BRIEF -
Send each entry back exactly as given, pictures excluded.

RECORDS FOR PROCESSING -
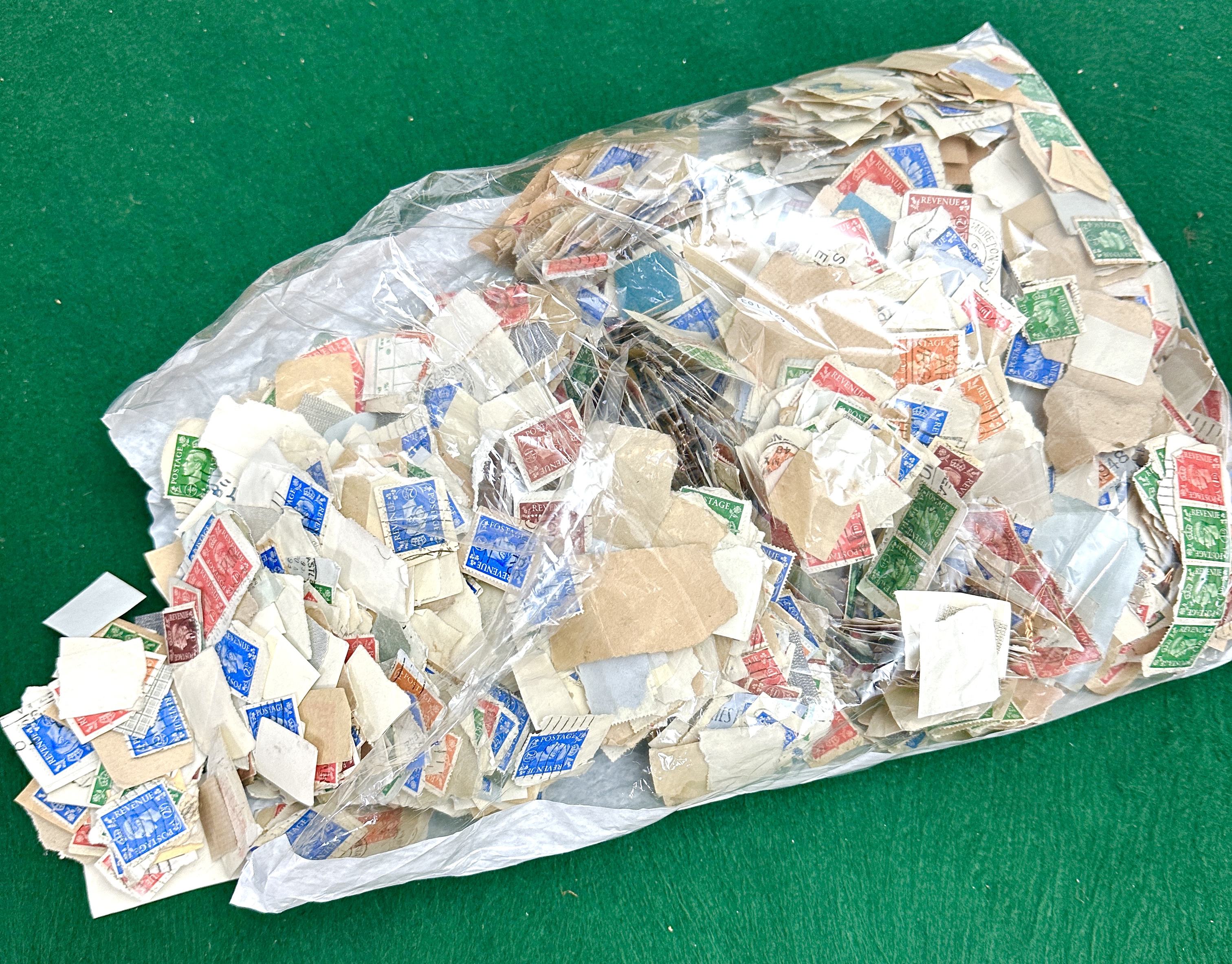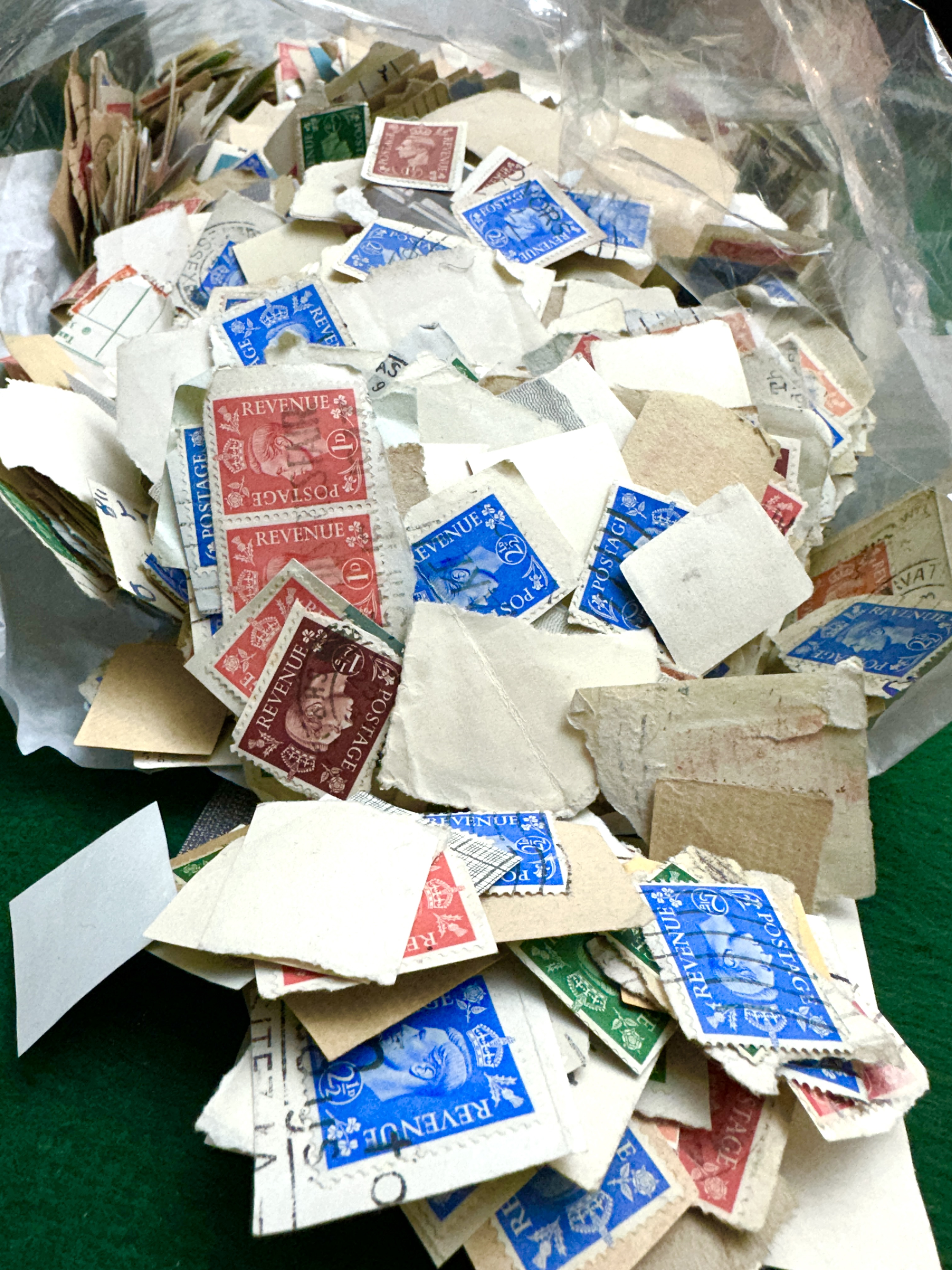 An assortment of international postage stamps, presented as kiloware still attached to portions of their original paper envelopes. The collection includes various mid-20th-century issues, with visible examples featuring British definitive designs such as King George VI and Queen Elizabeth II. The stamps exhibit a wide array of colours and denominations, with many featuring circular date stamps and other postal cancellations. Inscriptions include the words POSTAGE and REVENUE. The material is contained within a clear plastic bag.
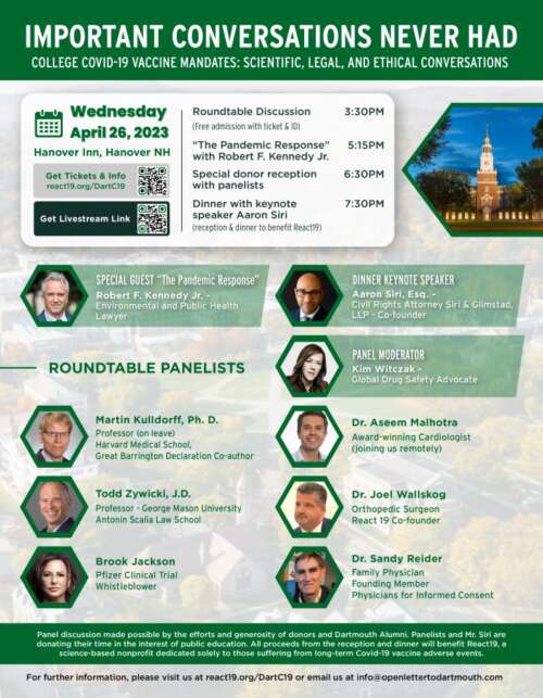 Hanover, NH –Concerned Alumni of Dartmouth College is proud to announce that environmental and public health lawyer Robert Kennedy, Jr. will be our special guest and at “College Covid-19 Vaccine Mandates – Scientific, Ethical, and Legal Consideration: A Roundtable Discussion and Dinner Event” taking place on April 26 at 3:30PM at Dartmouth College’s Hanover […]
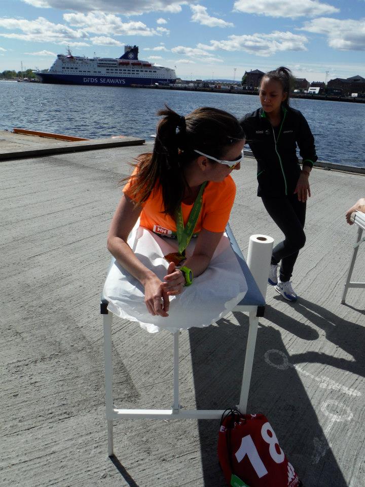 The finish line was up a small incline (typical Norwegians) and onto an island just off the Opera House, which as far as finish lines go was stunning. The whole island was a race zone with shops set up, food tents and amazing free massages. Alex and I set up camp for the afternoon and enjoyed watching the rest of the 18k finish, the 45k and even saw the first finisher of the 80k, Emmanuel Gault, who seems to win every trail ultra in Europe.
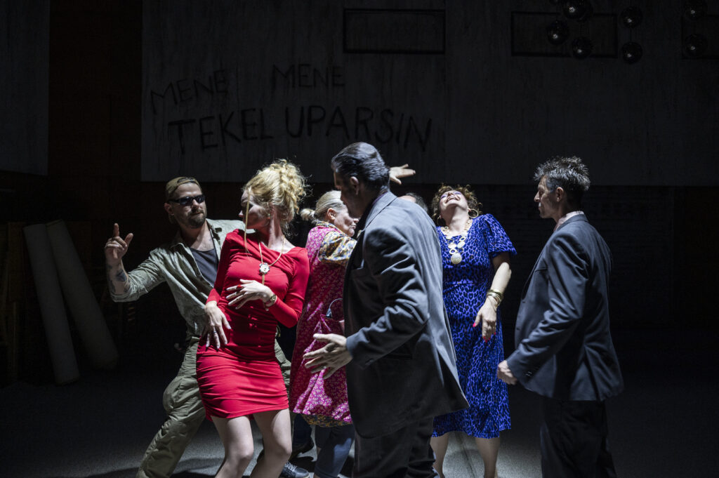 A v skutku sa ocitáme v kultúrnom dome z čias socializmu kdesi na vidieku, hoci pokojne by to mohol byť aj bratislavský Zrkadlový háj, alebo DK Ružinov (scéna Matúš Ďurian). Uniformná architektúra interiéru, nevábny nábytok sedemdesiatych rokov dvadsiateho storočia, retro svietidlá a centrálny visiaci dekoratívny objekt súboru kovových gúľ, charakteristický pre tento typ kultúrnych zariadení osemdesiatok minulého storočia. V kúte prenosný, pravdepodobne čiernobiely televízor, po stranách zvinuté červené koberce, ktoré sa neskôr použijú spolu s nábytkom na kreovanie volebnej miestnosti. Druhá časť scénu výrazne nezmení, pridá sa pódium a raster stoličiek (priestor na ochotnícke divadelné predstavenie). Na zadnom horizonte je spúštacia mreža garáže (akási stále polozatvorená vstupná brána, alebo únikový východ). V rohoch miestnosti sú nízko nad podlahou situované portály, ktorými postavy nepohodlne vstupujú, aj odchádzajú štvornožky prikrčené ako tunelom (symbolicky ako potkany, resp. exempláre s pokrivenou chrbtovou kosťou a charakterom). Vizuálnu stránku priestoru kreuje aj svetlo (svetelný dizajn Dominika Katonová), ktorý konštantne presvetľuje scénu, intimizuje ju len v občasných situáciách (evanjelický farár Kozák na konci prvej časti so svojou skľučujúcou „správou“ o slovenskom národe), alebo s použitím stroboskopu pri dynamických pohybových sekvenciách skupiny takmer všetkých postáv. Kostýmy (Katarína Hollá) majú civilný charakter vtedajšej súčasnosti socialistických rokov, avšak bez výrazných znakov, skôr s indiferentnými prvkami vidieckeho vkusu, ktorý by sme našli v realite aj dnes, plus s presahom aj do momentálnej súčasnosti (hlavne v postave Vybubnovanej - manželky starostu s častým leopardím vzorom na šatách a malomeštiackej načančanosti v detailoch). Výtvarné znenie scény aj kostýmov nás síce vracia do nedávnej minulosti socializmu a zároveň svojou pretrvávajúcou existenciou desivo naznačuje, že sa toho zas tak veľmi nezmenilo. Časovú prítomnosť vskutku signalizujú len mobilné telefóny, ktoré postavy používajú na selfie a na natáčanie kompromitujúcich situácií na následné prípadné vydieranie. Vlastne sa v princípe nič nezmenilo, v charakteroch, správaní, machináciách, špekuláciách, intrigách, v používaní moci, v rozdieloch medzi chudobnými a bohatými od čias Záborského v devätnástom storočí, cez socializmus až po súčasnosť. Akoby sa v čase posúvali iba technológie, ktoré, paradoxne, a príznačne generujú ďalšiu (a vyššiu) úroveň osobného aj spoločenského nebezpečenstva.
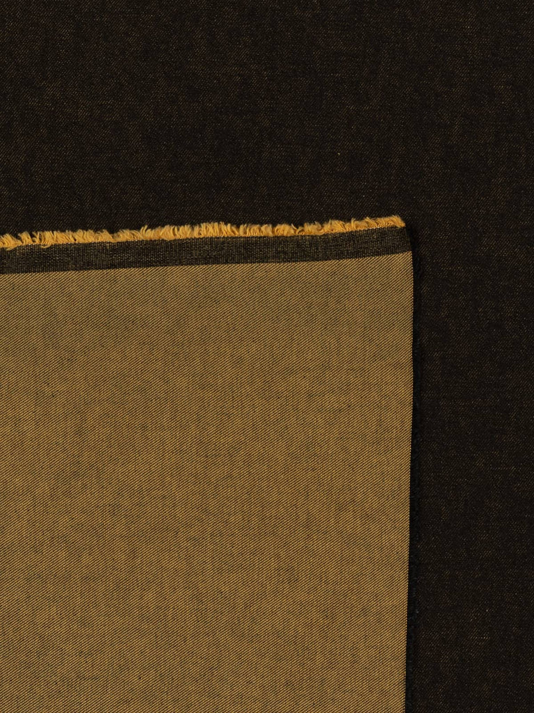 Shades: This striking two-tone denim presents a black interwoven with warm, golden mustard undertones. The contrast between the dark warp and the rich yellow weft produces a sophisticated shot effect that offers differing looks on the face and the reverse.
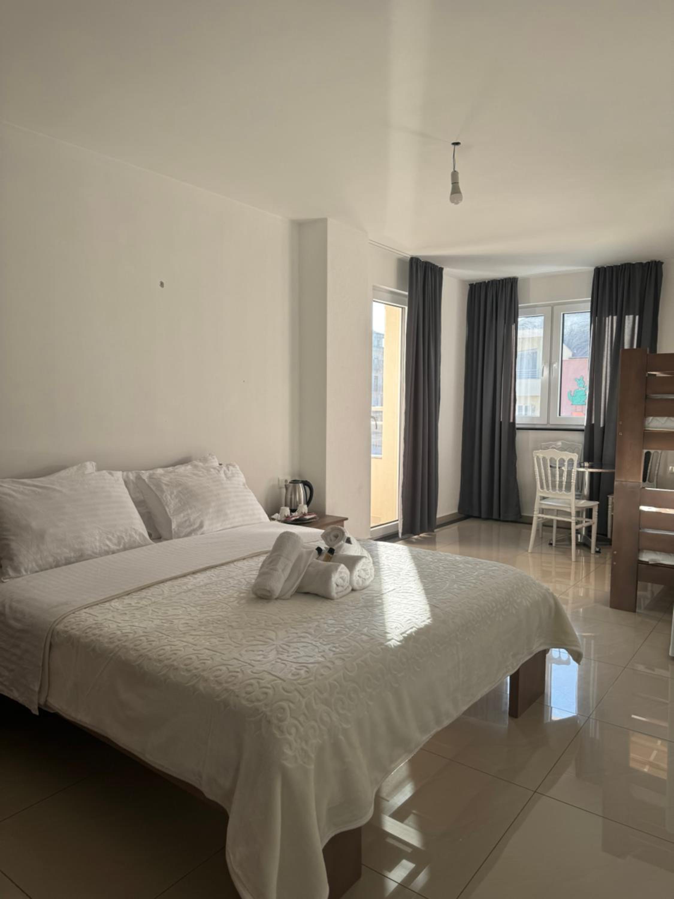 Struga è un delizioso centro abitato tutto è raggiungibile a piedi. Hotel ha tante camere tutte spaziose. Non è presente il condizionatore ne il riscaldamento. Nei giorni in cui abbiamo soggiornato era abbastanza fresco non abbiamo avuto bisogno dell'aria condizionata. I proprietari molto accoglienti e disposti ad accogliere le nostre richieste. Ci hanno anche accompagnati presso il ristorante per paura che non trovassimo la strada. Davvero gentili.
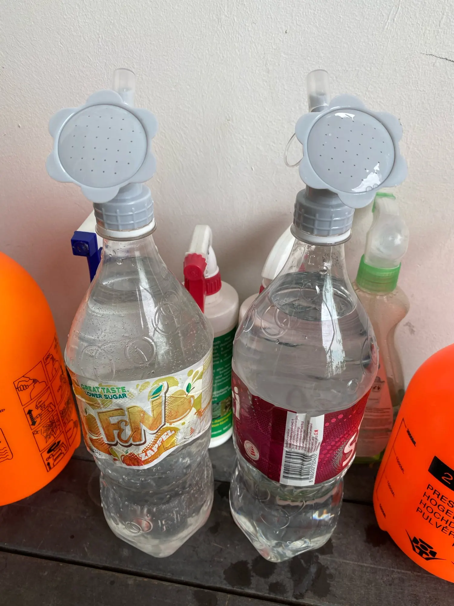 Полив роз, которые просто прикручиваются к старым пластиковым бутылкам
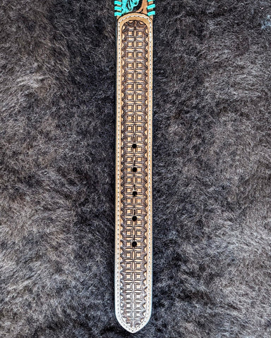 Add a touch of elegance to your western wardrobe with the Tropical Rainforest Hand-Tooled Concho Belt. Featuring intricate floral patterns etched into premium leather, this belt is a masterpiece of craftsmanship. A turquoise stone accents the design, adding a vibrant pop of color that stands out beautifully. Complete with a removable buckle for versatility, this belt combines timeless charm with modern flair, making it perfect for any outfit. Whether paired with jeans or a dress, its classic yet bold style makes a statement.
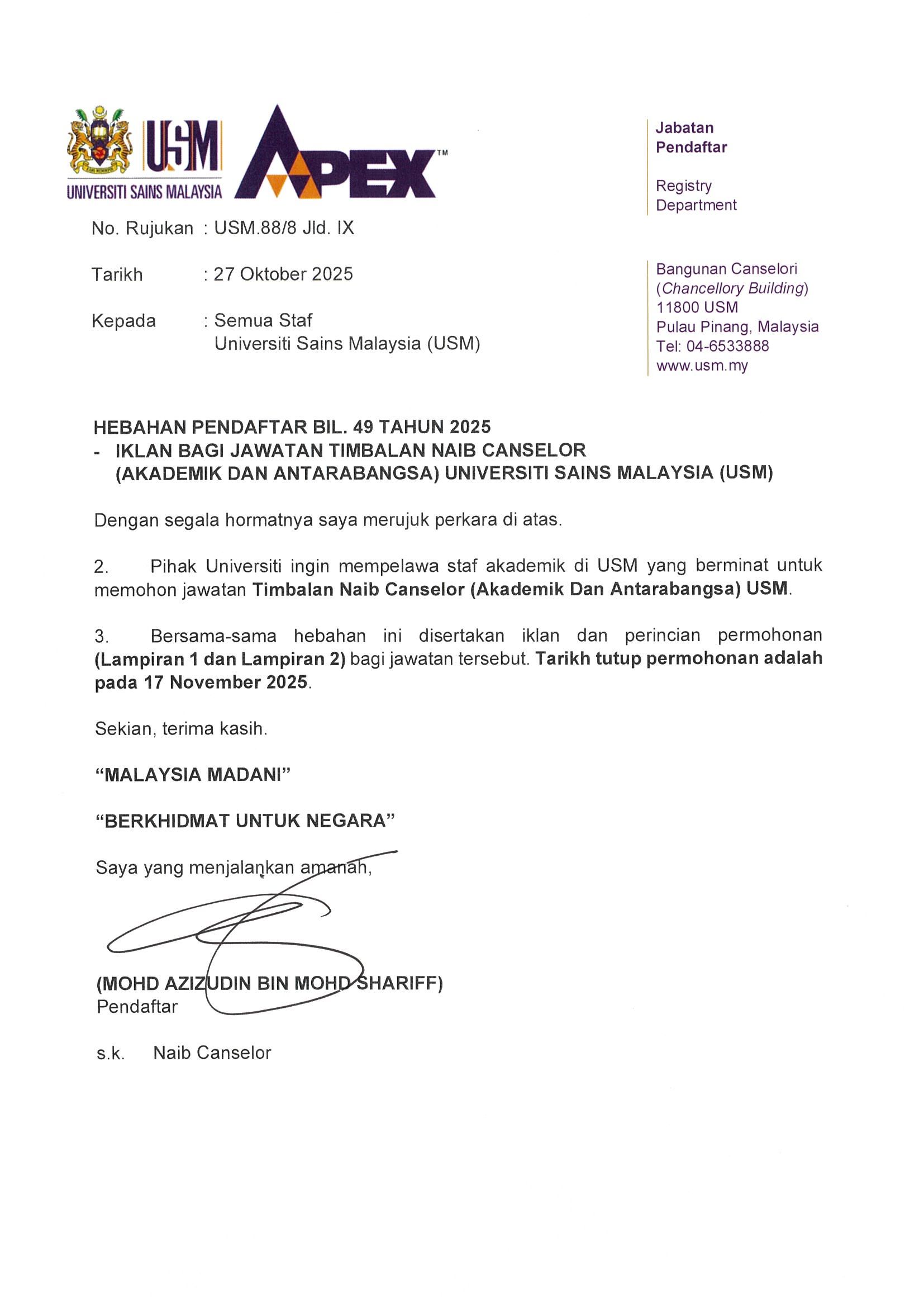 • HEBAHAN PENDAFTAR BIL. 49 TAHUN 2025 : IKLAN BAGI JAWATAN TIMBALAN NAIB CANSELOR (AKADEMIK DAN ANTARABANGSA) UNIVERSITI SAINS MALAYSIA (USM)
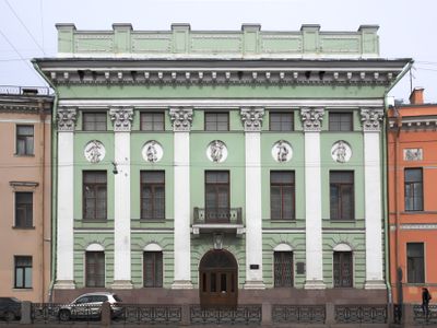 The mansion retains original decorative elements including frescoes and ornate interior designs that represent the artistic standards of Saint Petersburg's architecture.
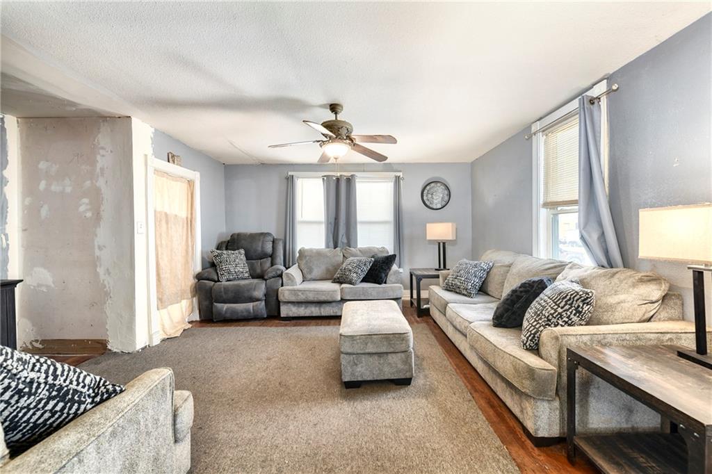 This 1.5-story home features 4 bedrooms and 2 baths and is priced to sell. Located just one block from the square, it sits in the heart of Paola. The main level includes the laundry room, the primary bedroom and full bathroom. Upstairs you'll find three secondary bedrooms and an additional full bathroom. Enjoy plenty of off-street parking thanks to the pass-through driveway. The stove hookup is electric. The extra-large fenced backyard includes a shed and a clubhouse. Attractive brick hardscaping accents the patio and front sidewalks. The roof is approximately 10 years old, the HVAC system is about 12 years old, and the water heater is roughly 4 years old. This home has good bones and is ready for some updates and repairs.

ANSWER SECTION -
 An assortment of international postage stamps, presented as kiloware still attached to portions of their original paper envelopes. The collection includes various mid-20th-century issues, with visible examples featuring British definitive designs such as King George VI and Queen Elizabeth II. The stamps exhibit a wide array of colours and denominations, with many featuring circular date stamps and other postal cancellations. Inscriptions include the words POSTAGE and REVENUE. The material is contained within a clear plastic bag.
 Hanover, NH –Concerned Alumni of Dartmouth College is proud to announce that environmental and public health lawyer Robert Kennedy, Jr. will be our special guest and at “College Covid-19 Vaccine Mandates – Scientific, Ethical, and Legal Consideration: A Roundtable Discussion and Dinner Event” taking place on April 26 at 3:30PM at Dartmouth College’s Hanover […]
 The finish line was up a small incline (typical Norwegians) and onto an island just off the Opera House, which as far as finish lines go was stunning. The whole island was a race zone with shops set up, food tents and amazing free massages. Alex and I set up camp for the afternoon and enjoyed watching the rest of the 18k finish, the 45k and even saw the first finisher of the 80k, Emmanuel Gault, who seems to win every trail ultra in Europe.
 A v skutku sa ocitáme v kultúrnom dome z čias socializmu kdesi na vidieku, hoci pokojne by to mohol byť aj bratislavský Zrkadlový háj, alebo DK Ružinov (scéna Matúš Ďurian). Uniformná architektúra interiéru, nevábny nábytok sedemdesiatych rokov dvadsiateho storočia, retro svietidlá a centrálny visiaci dekoratívny objekt súboru kovových gúľ, charakteristický pre tento typ kultúrnych zariadení osemdesiatok minulého storočia. V kúte prenosný, pravdepodobne čiernobiely televízor, po stranách zvinuté červené koberce, ktoré sa neskôr použijú spolu s nábytkom na kreovanie volebnej miestnosti. Druhá časť scénu výrazne nezmení, pridá sa pódium a raster stoličiek (priestor na ochotnícke divadelné predstavenie). Na zadnom horizonte je spúštacia mreža garáže (akási stále polozatvorená vstupná brána, alebo únikový východ). V rohoch miestnosti sú nízko nad podlahou situované portály, ktorými postavy nepohodlne vstupujú, aj odchádzajú štvornožky prikrčené ako tunelom (symbolicky ako potkany, resp. exempláre s pokrivenou chrbtovou kosťou a charakterom). Vizuálnu stránku priestoru kreuje aj svetlo (svetelný dizajn Dominika Katonová), ktorý konštantne presvetľuje scénu, intimizuje ju len v občasných situáciách (evanjelický farár Kozák na konci prvej časti so svojou skľučujúcou „správou“ o slovenskom národe), alebo s použitím stroboskopu pri dynamických pohybových sekvenciách skupiny takmer všetkých postáv. Kostýmy (Katarína Hollá) majú civilný charakter vtedajšej súčasnosti socialistických rokov, avšak bez výrazných znakov, skôr s indiferentnými prvkami vidieckeho vkusu, ktorý by sme našli v realite aj dnes, plus s presahom aj do momentálnej súčasnosti (hlavne v postave Vybubnovanej - manželky starostu s častým leopardím vzorom na šatách a malomeštiackej načančanosti v detailoch). Výtvarné znenie scény aj kostýmov nás síce vracia do nedávnej minulosti socializmu a zároveň svojou pretrvávajúcou existenciou desivo naznačuje, že sa toho zas tak veľmi nezmenilo. Časovú prítomnosť vskutku signalizujú len mobilné telefóny, ktoré postavy používajú na selfie a na natáčanie kompromitujúcich situácií na následné prípadné vydieranie. Vlastne sa v princípe nič nezmenilo, v charakteroch, správaní, machináciách, špekuláciách, intrigách, v používaní moci, v rozdieloch medzi chudobnými a bohatými od čias Záborského v devätnástom storočí, cez socializmus až po súčasnosť. Akoby sa v čase posúvali iba technológie, ktoré, paradoxne, a príznačne generujú ďalšiu (a vyššiu) úroveň osobného aj spoločenského nebezpečenstva.
 Shades: This striking two-tone denim presents a black interwoven with warm, golden mustard undertones. The contrast between the dark warp and the rich yellow weft produces a sophisticated shot effect that offers differing looks on the face and the reverse.
 Struga è un delizioso centro abitato tutto è raggiungibile a piedi. Hotel ha tante camere tutte spaziose. Non è presente il condizionatore ne il riscaldamento. Nei giorni in cui abbiamo soggiornato era abbastanza fresco non abbiamo avuto bisogno dell'aria condizionata. I proprietari molto accoglienti e disposti ad accogliere le nostre richieste. Ci hanno anche accompagnati presso il ristorante per paura che non trovassimo la strada. Davvero gentili.
 Полив роз, которые просто прикручиваются к старым пластиковым бутылкам
 Add a touch of elegance to your western wardrobe with the Tropical Rainforest Hand-Tooled Concho Belt. Featuring intricate floral patterns etched into premium leather, this belt is a masterpiece of craftsmanship. A turquoise stone accents the design, adding a vibrant pop of color that stands out beautifully. Complete with a removable buckle for versatility, this belt combines timeless charm with modern flair, making it perfect for any outfit. Whether paired with jeans or a dress, its classic yet bold style makes a statement.
 • HEBAHAN PENDAFTAR BIL. 49 TAHUN 2025 : IKLAN BAGI JAWATAN TIMBALAN NAIB CANSELOR (AKADEMIK DAN ANTARABANGSA) UNIVERSITI SAINS MALAYSIA (USM)
 The mansion retains original decorative elements including frescoes and ornate interior designs that represent the artistic standards of Saint Petersburg's architecture.
 This 1.5-story home features 4 bedrooms and 2 baths and is priced to sell. Located just one block from the square, it sits in the heart of Paola. The main level includes the laundry room, the primary bedroom and full bathroom. Upstairs you'll find three secondary bedrooms and an additional full bathroom. Enjoy plenty of off-street parking thanks to the pass-through driveway. The stove hookup is electric. The extra-large fenced backyard includes a shed and a clubhouse. Attractive brick hardscaping accents the patio and front sidewalks. The roof is approximately 10 years old, the HVAC system is about 12 years old, and the water heater is roughly 4 years old. This home has good bones and is ready for some updates and repairs.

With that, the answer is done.